- TASK STATEMENT -
Restate word for word the lines below that run from the one holding "I antikken var" through the one holding "10~12 有南瓜的靜物_水彩 8", inclusive. Pictures don't belong in the copy.

RECORDS PROVIDED Start Marker

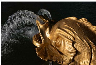
Bassin du char d'Apollon, un dauphin

L'arrivée de ce chef-d'œuvre monumental emblématique constitua un événement majeur dans l'histoire de Versailles. Le Bassin d'Apollon rencontra l'admiration de tous.
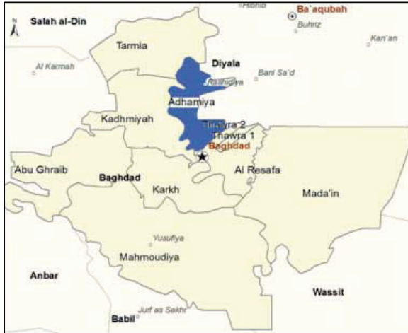
Bağdat Vilayeti'nde Türkmenlerin Yoğun Olarak Yaşadığı Yerler

Bağdat, 1534 yılında Kanuni Sultan Süleyman'ın Safevi hakimiyetine son vermesiyle birlikte, 1918'e kadar Türk hakimiyeti altında bulunmuş ve bu nedenle çok sayıda Türk Bağdat'a yerleşmiştir. 1918'den sonra da Irak devleti içerisinde görev almış çok sayıda Türkmen Bağdat'ı yurt edinmiş ve burada kalmıştır. Günümüzde Türkmenlerin daha çok Azamiye bölgesinde yaşadıkları bilinmektedir. Ancak Bağdat'ın hemen her bölgesinde yaşayan Türkmen ailesinin varlığından söz e-
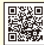
▲令和6年度当初予算

公明党議員団が昨年10月13日に大野知事に対し、春日部市の地域要望をはじめ、長引く物価高や激甚化・頻発化する防災・減災対策などの主張した項目が、新年度予算の様々な部分に取り入れられました。
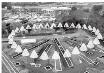
日本最大級の規模を誇る旧石器時代の墨古沢遺跡

問 墨古沢遺跡整備基本計画における整備費用、維持管理費、運営費の額は、生涯学習課長 作成中の基本設計の完成が3月下旬のため、答弁はできない。
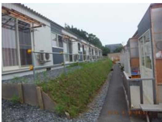
段差をつけた仮設住宅（賤当）

小友町の仮設住宅には小友・高田地区の被災者が多く居住している。「早く仮設から移転したい」と考える住民は多く、そのために「各家庭に応じた具体的な支援策が知りたい」、「大工さん（の賃金）や建築材料も値上がりしている」「小友の建築様式は他地区と異なるので心配だ」など不安を抱えている。中には「移転が決まって心に余裕が生まれた」ものの「自分の家族だけが行っていいのか」と複雑な思いを持つ住民もいる。 (染野享子)
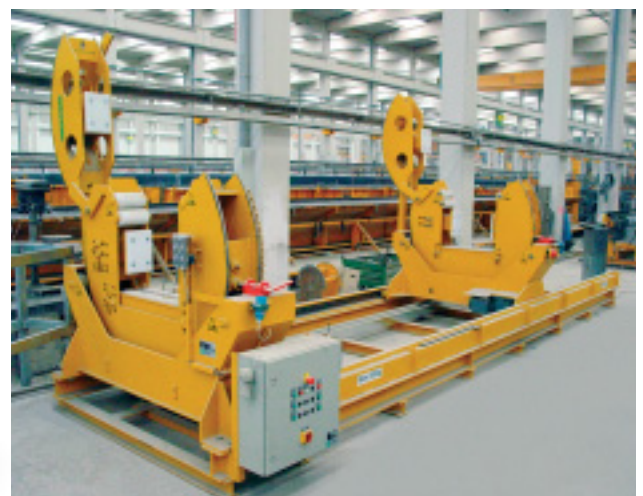
Stützendrehvorrichtung für die Nachbearbeitung von Stützen, wie z.B. Befestigung von Konsolen
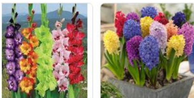
Mieczyki i hiacynty.
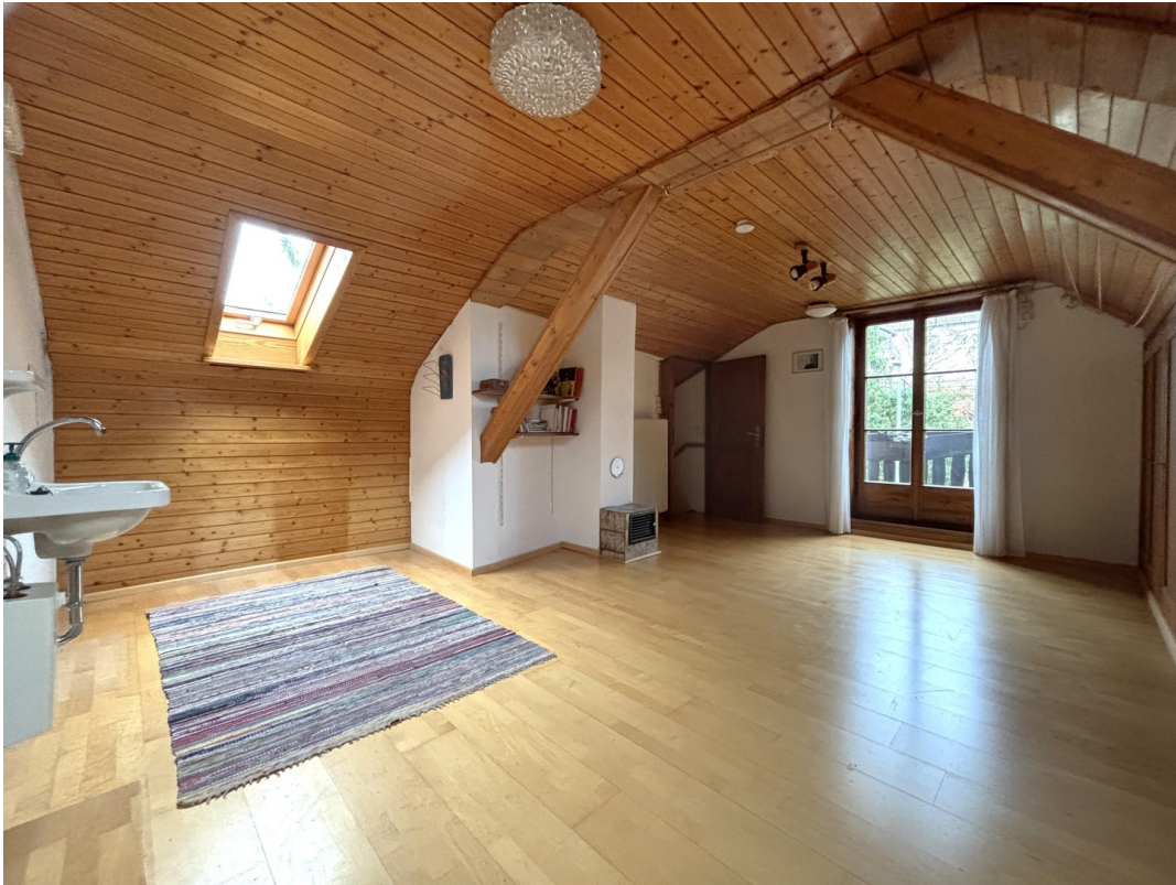
Zimmer - DG (Altbau)
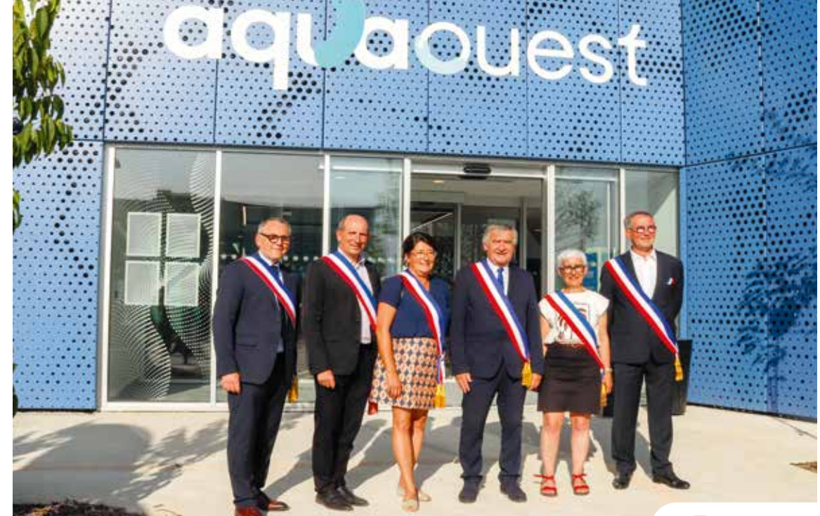
Les maires des six communes sont heureux d'inaugurer le nouveau centre aquatique intercommunal Aquaouest, ouvert depuis le 2 juillet.
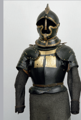
Trabharnisch: Rüstung des Andreas Teufel, Freiherr von Guntersdorf und auf Bockfließ 4
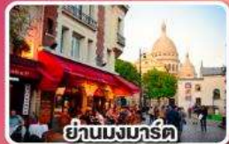
ย่านมงมาร์ต
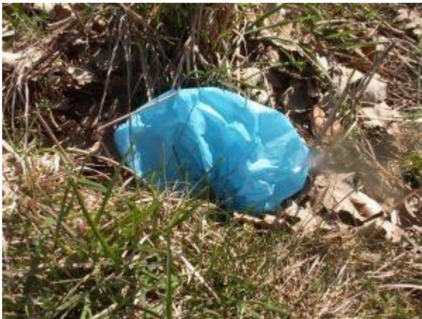
Hvor længe kan denne plastik-overtrækssko ligge her?

I kan gå langs med en vej, langs en strand eller ind gennem et naturområde, hvor I ved der ligger meget affald. Saml alt det gamle slikpapir, alle de grimme dåser, flasker, cigaretskod, plastik, gamle aviser – og alle de andre dimser og ting som folk har smidt i naturen op og put dem i den store sorte sæk. Og se, så er det væk.
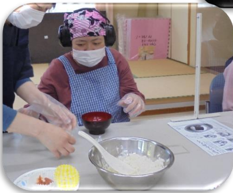
熱々のご飯をよそって～
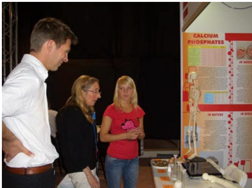
Izstādes apmeklētāji pie Evas Dručkas stenda
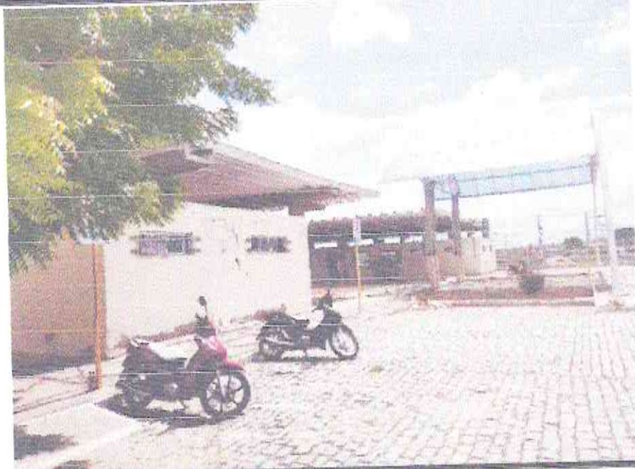
Figura 09- UTM: 570234.69/9434777.20
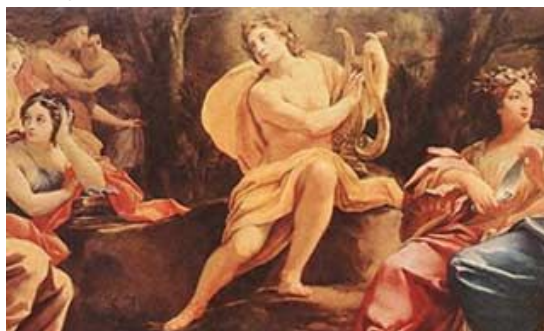
2 Apollon og muserne

I antikken var lyrens strengetoner og digtekunst uadskillelige. Gennem mange århundreder var musik akkompagneret af digtoplæsninger. Ved at give rum til en dialog mellem to kunstarter efterlyses et samlende kunstudtryk, der fuldbyrdes i mødet med publikum, som således indgår i dialogen, der foregår på scenen.
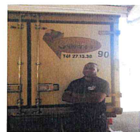
Société SWITI (glacier)
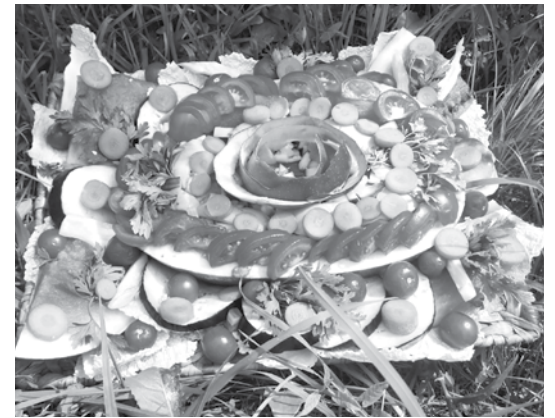
Szülinapi torta Barátkozó módra
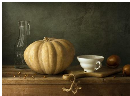
10~12 有南瓜的靜物_水彩 8 開 (日期：6/13、6/20、6/27，學費：$1,200)

游藝社幹事：廖慧如，Nereid.Liao@twgrid.org，電話：2789-8373
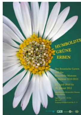
Bild 11: Plakat zur Sonderausstellung Grafik: I. Haas, Botanischer Garten und Botanisches Museum Berlin-Dahlem
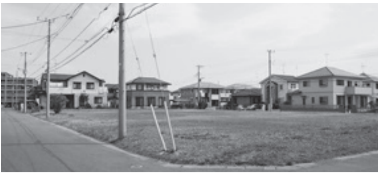
藤代駅南口第2公園予定地(藤代南)

建設部長 街区公園として整備していきたい。整備手法は、市民と協働による公園整備事業で行う。地区の皆さんと検討会を設けて整備を進め、地区に親しまれる公園となるようにしたいと考えている。
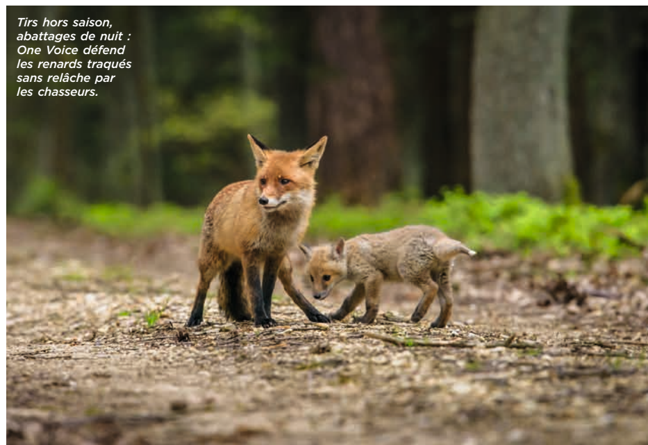
Tirs hors saison, abattages de nuit : One Voice défend les renards traqués sans relâche par les chasseurs.

Indignés, nous avons plaidé la cause de ces petits canidés fin novembre 2018, au tribunal de Nancy. Verdict : l'arrêté sur les tirs de nuit a été suspendu ! Pour la première fois, One Voice réussissait à casser une décision avant que l'irréparable ne soit totalement commis et notre intervention a sauvé la vie de 400 renards. Seconde victoire en janvier 2019, à Strasbourg : encore une fois, le tribunal nous donnait raison ! Pour les renards, plus de chasse après la fermeture officielle, car rien ne la justifiait... ●
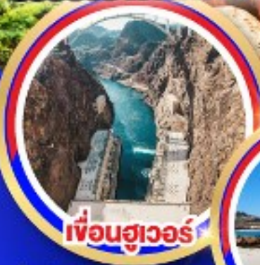
เฟื่องฮูเวอร์

ช้อปปิ้งจุใจเอ้าท์เล็ตออนตารีโอมิลล์ ช้อปปิ้งบาร์สไคว์เอ้าท์เล็ต
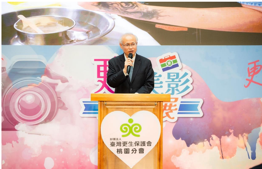
臺灣高等檢察署檢察長兼臺灣更生保護會張斗輝董事長致詞
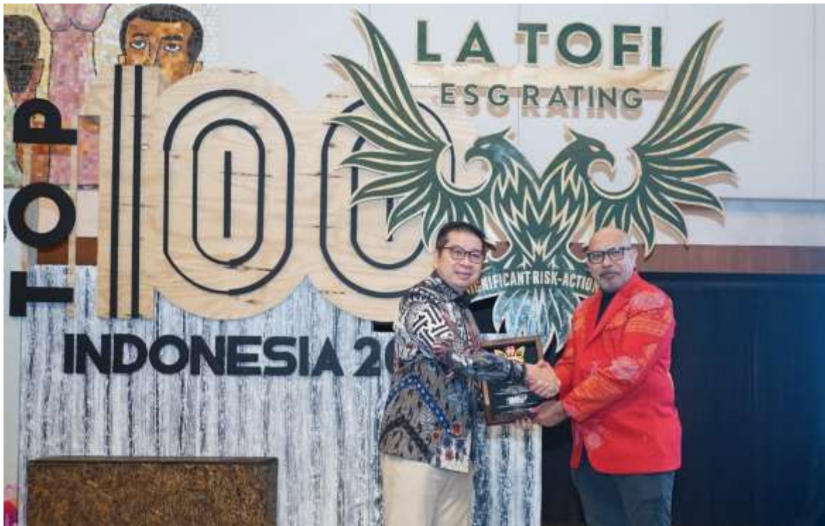
PT Krakatau Steel
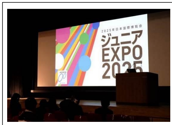
プレゼンテーション発表会（ジュニアEXPO）
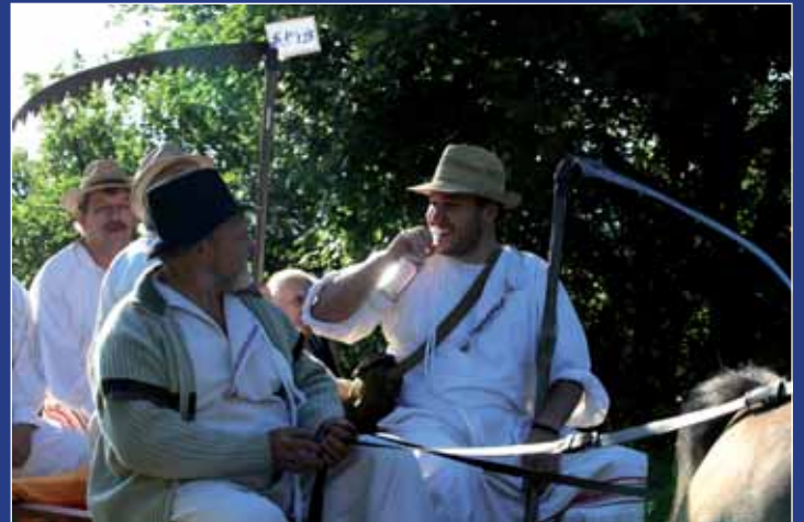
Ke kosení patří i doušek lahodné slivovice.
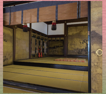
知恩院 重文 大方丈上段の間
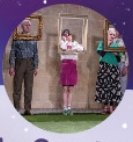
LA CLAIRIÈRE Mar 10 fév 14h15
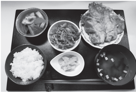
Sıradan bir öğün

Pirinç, Japonya'daki temel gıda maddesidir. Genelde, buharda haşlanmış pirinçle birlikte balık, et ve sebze yenir. Miso çorbası veya başka bir çeşit çorba da sıklıkla öğünlerde bulunur. Spagetti ve yahni gibi Batı yemekleri de her yerde bulunur.
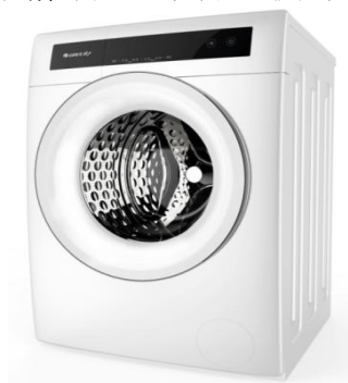
图 6：格力净柔洗衣机

为维护消费者权益，国家颁布关于洗衣机测试认证的新政策——GB//T4288-2018《家用和类似用途电动洗衣机》（以下简称“新国标”），净柔洗衣机是首批通过国家新国标测试认证的洗衣机。此外，针对洗衣噪音大的痛点，净柔洗衣机在减少噪音方面进行深入研究并不断改善，使用框架静音法与动平衡系统设计，获得国家静音认证。
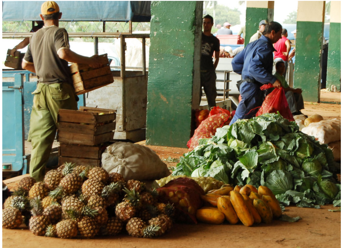
A El Trigal se traen mercancías de toda Cuba y se vende de forma mayorista y hasta minorista.

RECORDS PROVIDED End Marker

- EXPECTED ANSWER -
I antikken var lyrens strengetoner og digtekunst uadskillelige. Gennem mange århundreder var musik akkompagneret af digtoplæsninger. Ved at give rum til en dialog mellem to kunstarter efterlyses et samlende kunstudtryk, der fuldbyrdes i mødet med publikum, som således indgår i dialogen, der foregår på scenen.
Société SWITI (glacier)
Szülinapi torta Barátkozó módra
10~12 有南瓜的靜物_水彩 8 開 (日期：6/13、6/20、6/27，學費：$1,200)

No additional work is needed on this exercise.